What to know before you start a Kickstarter Campaign?
View the Terms and Conditions to access crowdfunding sources. They will most likely not protect your intellectual property. However, it is essential to know that revealing a project will have unavoidable consequences. IP predators are constantly scanning these platforms.
Protecting Your Patent Rights
The patent application should be filed within 12 months after the public release of your idea in the United States. It is essential to remember that the 12 month period begins when you start a Kickstarter campaign. These 12 months should not be considered guaranteed as the United States has a “First-to-File” system that allows only the first person to file and not the original creator to receive the patent rights. A temporary provisional patent is available to a startup that does not have the funds to file a patent application. This allows the project to be “patent pending” while the funds are available. Provisional patents can be used for as long as one year and are less formal than a complete patent.

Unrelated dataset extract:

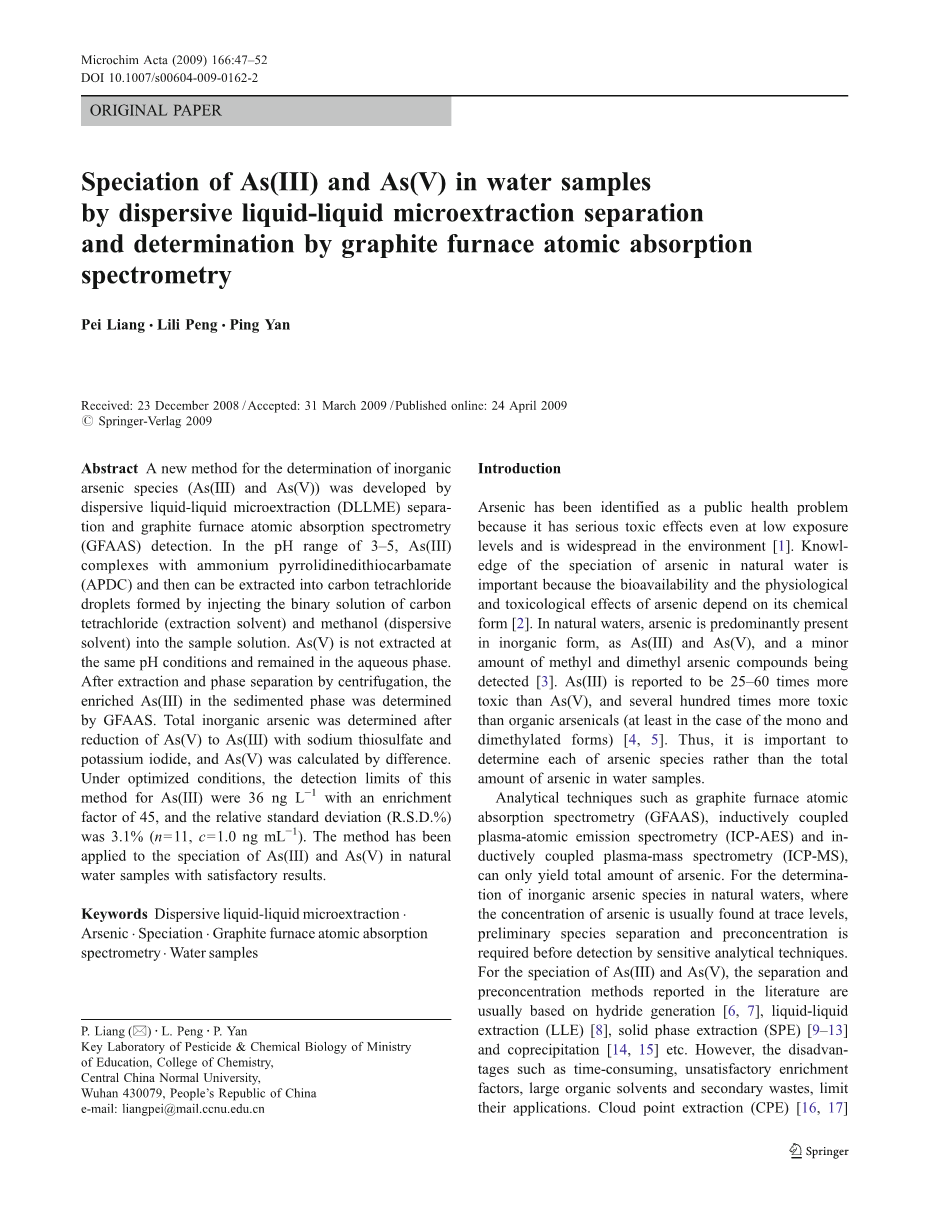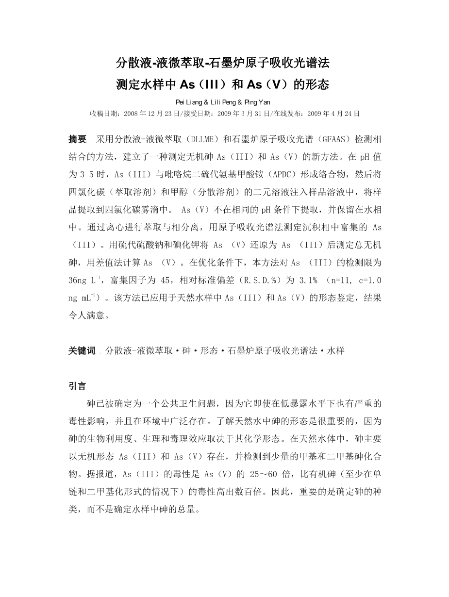 - 流动注射-在线固相萃取化学发光系统测定天然水中痕量铜外文翻译资料

Kickstarter is not the same as revealing enough information to allow others to duplicate your campaign. A provisional patent should be obtained before any foreign crowdfunding efforts are made. Failure to comply with this requirement can lead to a startup being unable to file for patent protection in several European and Asian countries. International marketing and sales efforts should include filing for foreign patent protection to prevent your idea from being copied overseas.
Losing control of your Idea
Non-disclosure agreements, used in traditional investing in protecting new ventures, are commonly used. Unfortunately, these agreements are usually not possible in crowdfunding. This increases the risk of stolen ideas that companies can steal with funding if they are not protected.
It is paramount not to disclose too much information. You should also remove any trade secrets from project information. Also, be aware that user suggestions might not be just friendly advice. A comment is considered “intellectual property” and cannot be used without permission. The patent can be invalidated if it is not provided to everyone with a claim on the project. A lawyer is recommended if a comment contains a precious idea.
Losing your Brand
Although releasing project information via crowdfunding platforms such as Kickstarter is considered to be launching into the public domain, it can also pose a risk if a catch-name or trademark is used. The law states that only the first person to use a name or trademark is right. It is up to the interpretation of whether this includes crowdfunding. It is best to register your trademark before you launch a campaign to reduce the chance of someone else getting trademark protection. A trademark must also be registered in foreign countries, like the patent process.
Kickstarter can be an excellent way for investors to meet potential customers and help with an invention’s commercialization process at early stages. Kickstarter is a powerful marketing tool and helps you get your product to market quickly without incurring significant debt. However, because crowdfunding is complex, there are many intellectual property pitfalls that inventors need to know. Nevertheless, you can reap the benefits of crowdfunding while still owning your invention by carefully reviewing it, filing all necessary applications for intellectual property rights, such as patents, and understanding the terms and conditions of engagement with the crowdfunding platform.